All of the data should be reproduced word for word, though its pictures must be omitted.

Provided material START

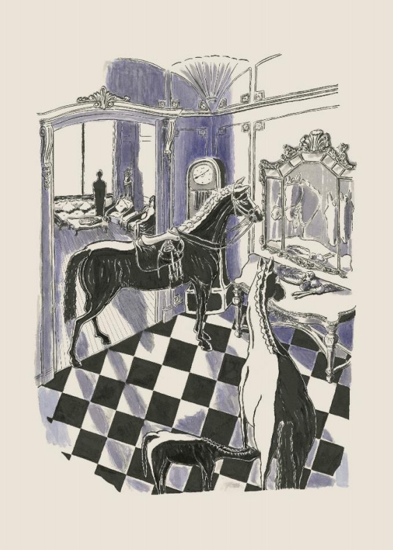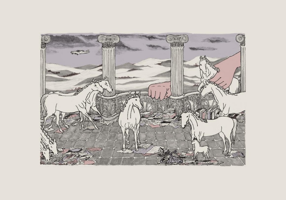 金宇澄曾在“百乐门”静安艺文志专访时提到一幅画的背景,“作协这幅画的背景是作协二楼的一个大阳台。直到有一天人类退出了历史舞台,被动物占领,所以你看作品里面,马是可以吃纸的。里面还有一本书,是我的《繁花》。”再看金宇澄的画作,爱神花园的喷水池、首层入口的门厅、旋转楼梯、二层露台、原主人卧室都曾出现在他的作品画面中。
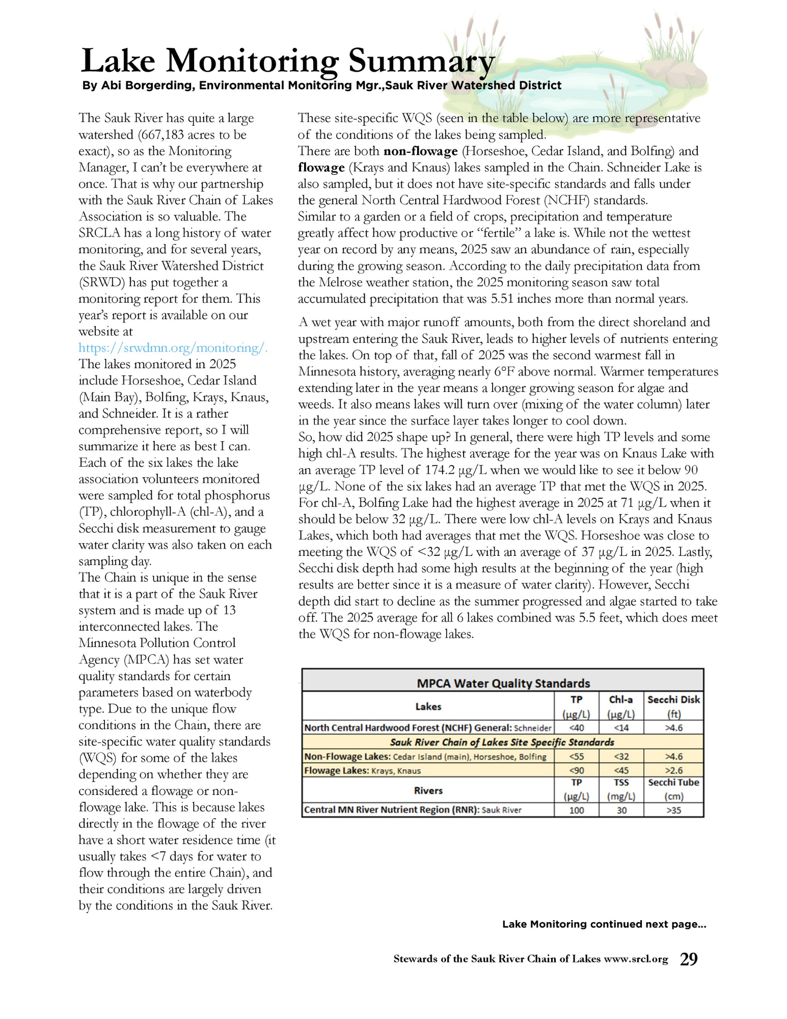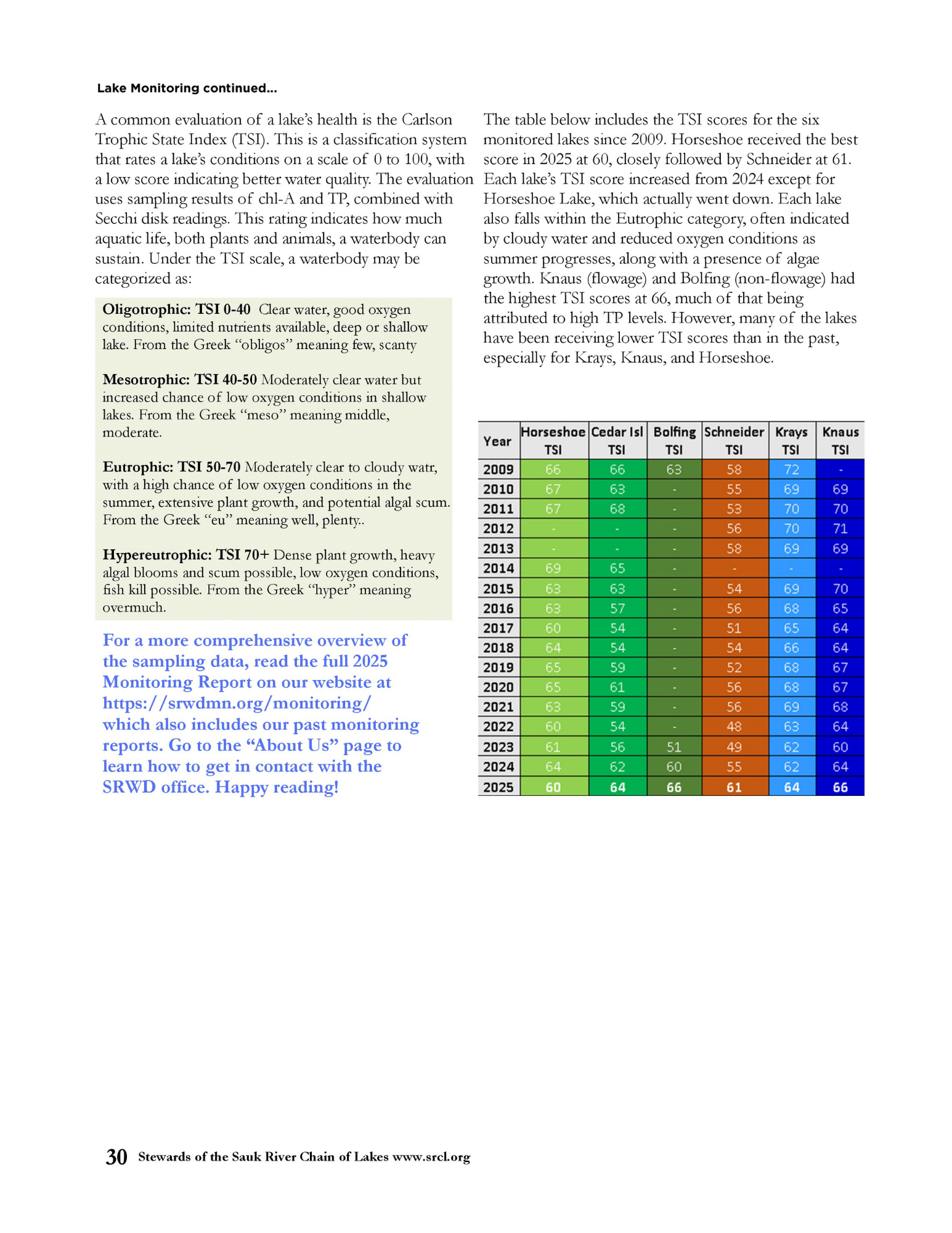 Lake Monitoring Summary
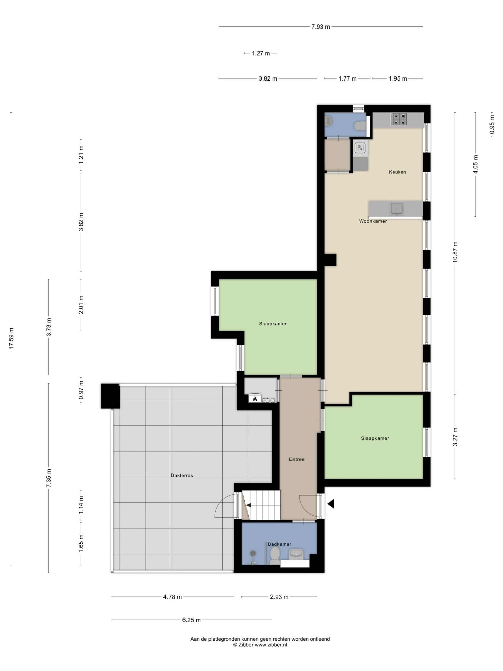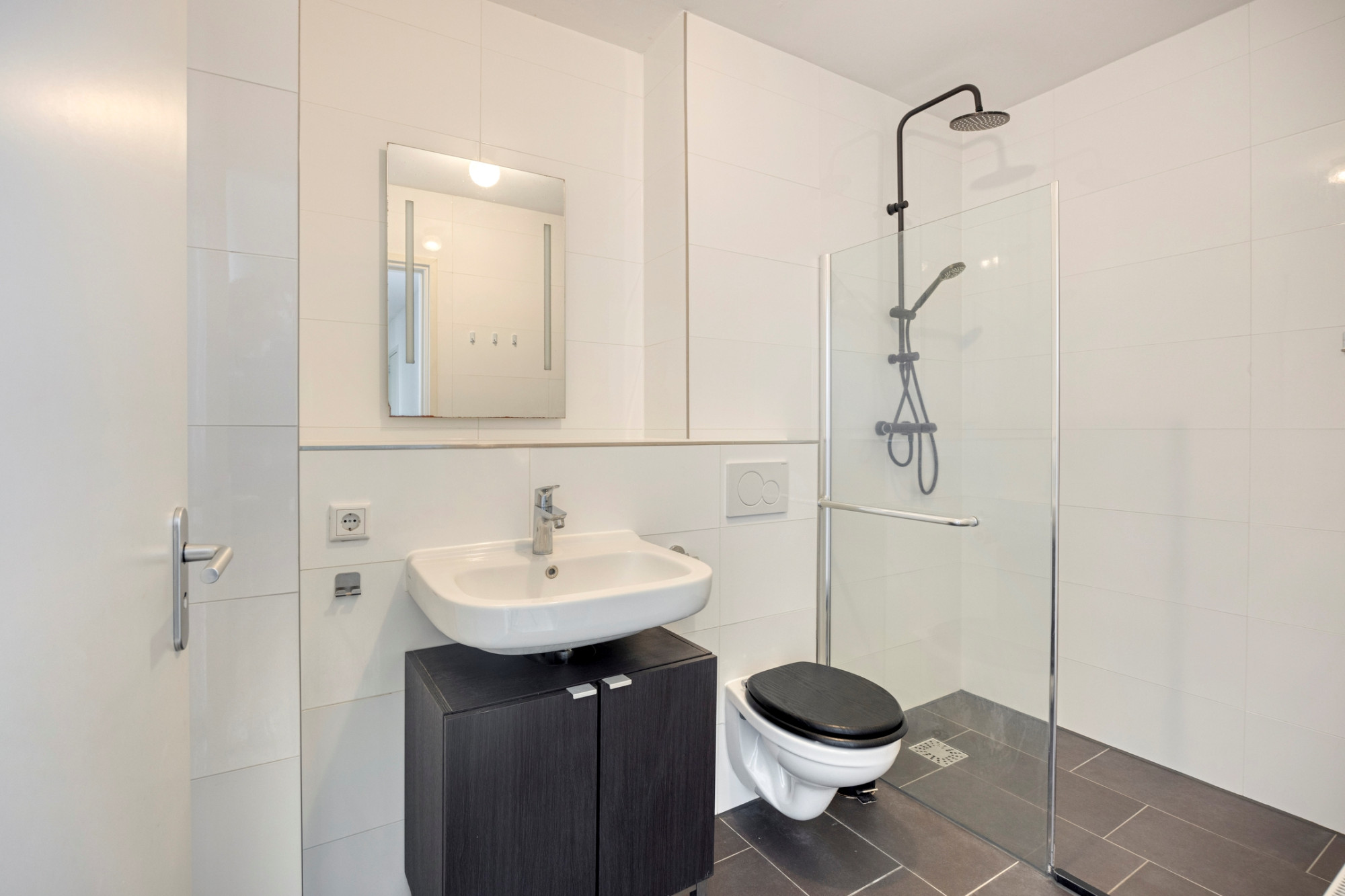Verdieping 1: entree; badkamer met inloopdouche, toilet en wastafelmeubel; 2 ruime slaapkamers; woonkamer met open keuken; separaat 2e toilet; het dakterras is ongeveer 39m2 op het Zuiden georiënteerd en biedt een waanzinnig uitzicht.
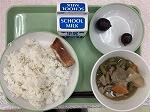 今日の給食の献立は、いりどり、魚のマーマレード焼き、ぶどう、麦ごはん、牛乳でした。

Provided material END

The completed task
 金宇澄曾在“百乐门”静安艺文志专访时提到一幅画的背景,“作协这幅画的背景是作协二楼的一个大阳台。直到有一天人类退出了历史舞台,被动物占领,所以你看作品里面,马是可以吃纸的。里面还有一本书,是我的《繁花》。”再看金宇澄的画作,爱神花园的喷水池、首层入口的门厅、旋转楼梯、二层露台、原主人卧室都曾出现在他的作品画面中。
 Lake Monitoring Summary
Verdieping 1: entree; badkamer met inloopdouche, toilet en wastafelmeubel; 2 ruime slaapkamers; woonkamer met open keuken; separaat 2e toilet; het dakterras is ongeveer 39m2 op het Zuiden georiënteerd en biedt een waanzinnig uitzicht.
 今日の給食の献立は、いりどり、魚のマーマレード焼き、ぶどう、麦ごはん、牛乳でした。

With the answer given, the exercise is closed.